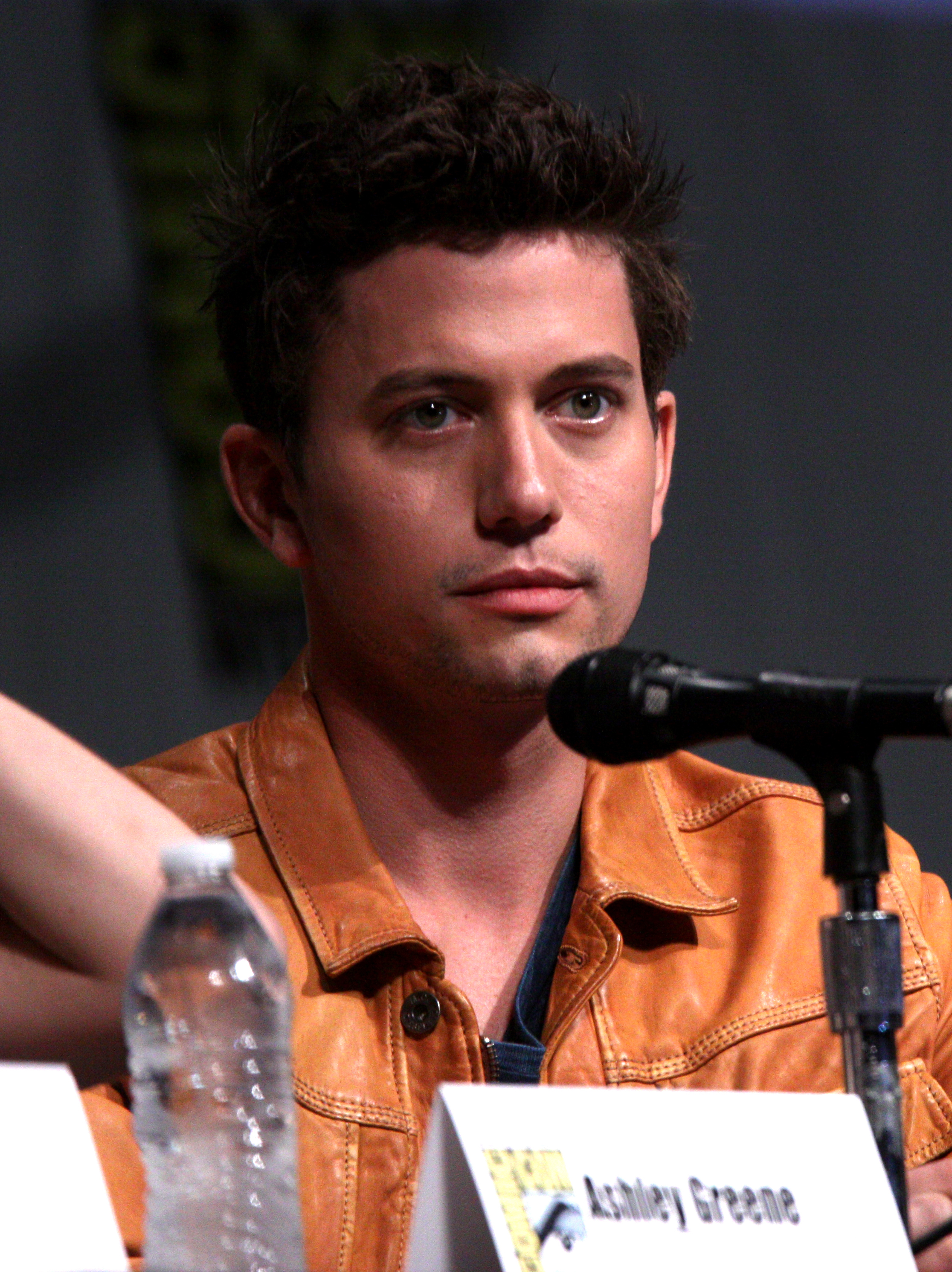 Jackson Rathbone at the 2012 Comic-Con in San Diego.
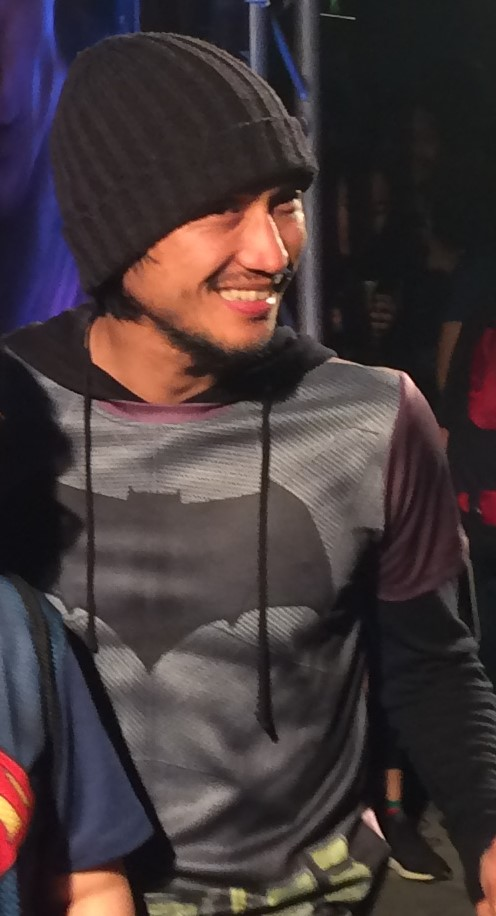 Toon Bodyslam at Batman V Superman Dawn of Justice Midnight Run Bangkok.
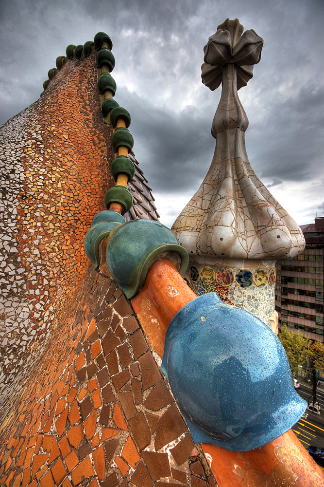 Roof architecture at Casa Batllo
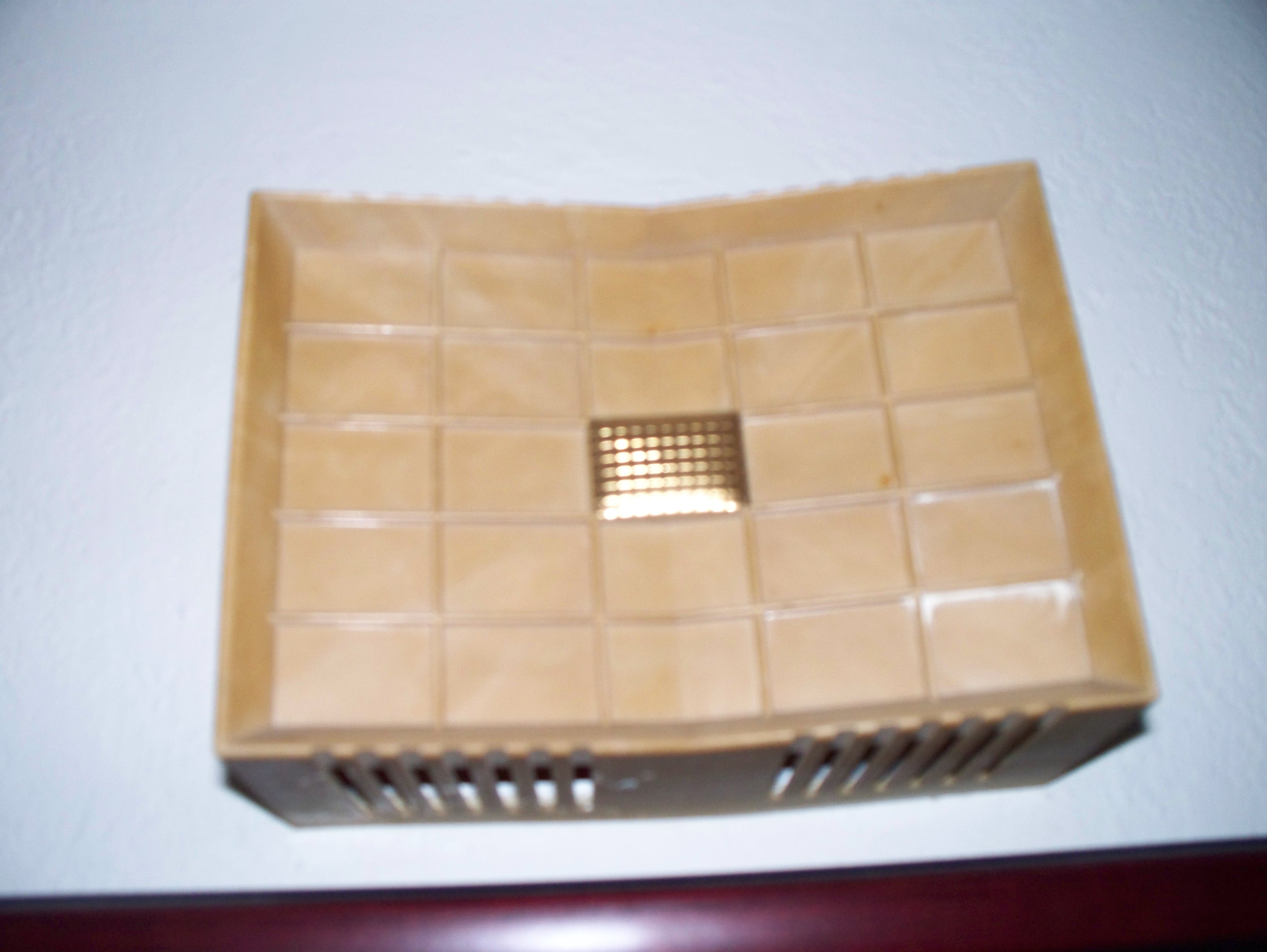 A bell box for a doorbell. 1960's
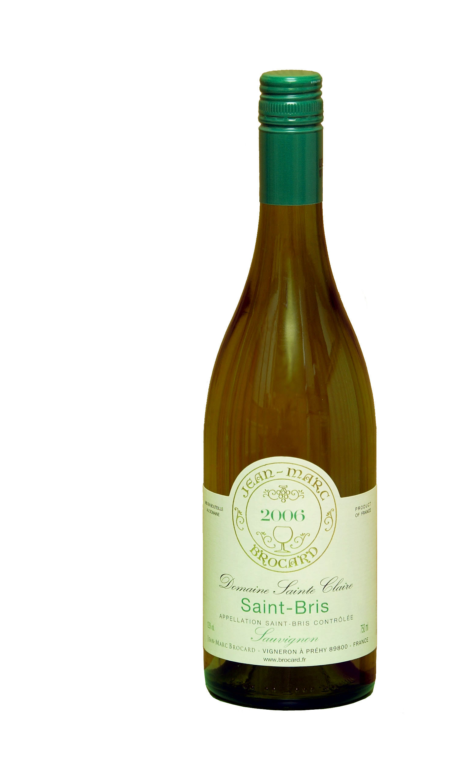 Domaine Sainte Claire Saint-Bris Sauvignon 2006, Jean-Marc Brocard. A Sauvignon blanc wine from Saint-Bris-le-Vineux, Burgundy, France. It obtained AOC in 2003 under the name "Saint-Bris". It is the only Burgundy AOC wine produced from Sauvignon grapes (Sauvignon B and Sauvignon gris G).
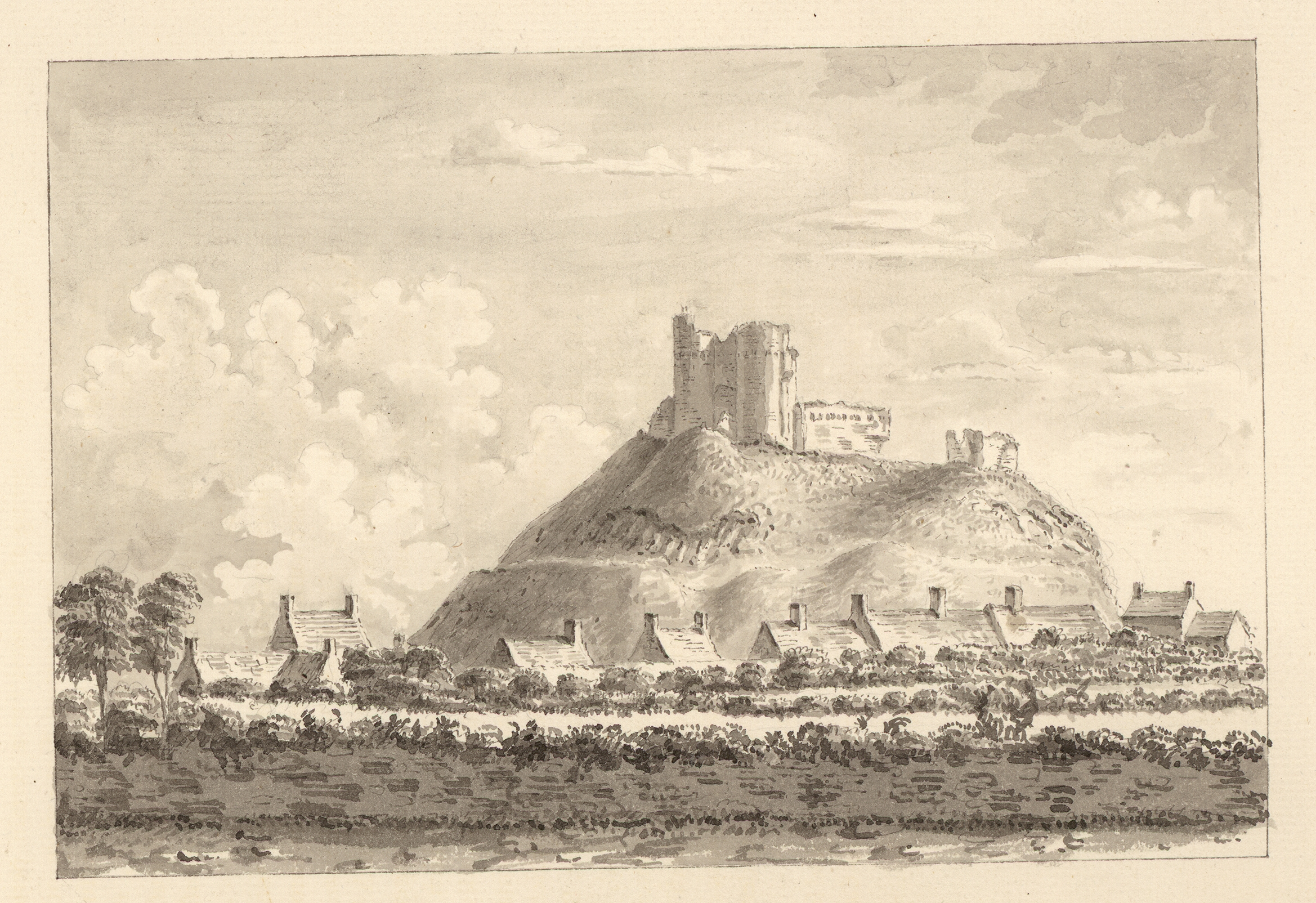 An image from a set of 8 extra-illustrated volumes of A tour in Wales by Thomas Pennant (1726-1798) that chronicle the three journeys he made through Wales between 1773 and 1776. These volumes are unique because they were compiled for Pennant's own library at Downing. This edition was produced in 1781. The volumes include a number of original drawings by Moses Griffiths, Ingleby and other well known artists of the period. Thomas Pennant (1726-1798)
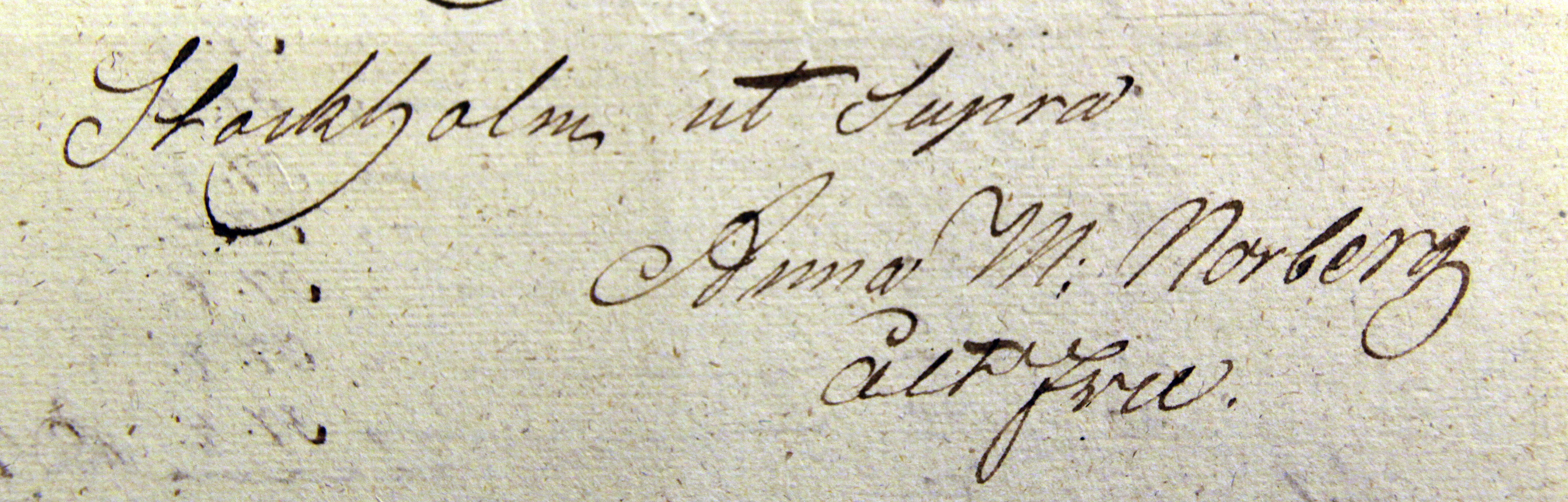 Åldrfru at the Swedish court, signature from 1813.

━━━━

**Aim of the exercise:** Print exactly what appears from the first line of the listing above down to the line containing "A bell box for a doorbell. 1960's", inclusive, and leave out all pictures.

**Answer to this task:**
 Jackson Rathbone at the 2012 Comic-Con in San Diego.
 Toon Bodyslam at Batman V Superman Dawn of Justice Midnight Run Bangkok.
 Roof architecture at Casa Batllo
 A bell box for a doorbell. 1960's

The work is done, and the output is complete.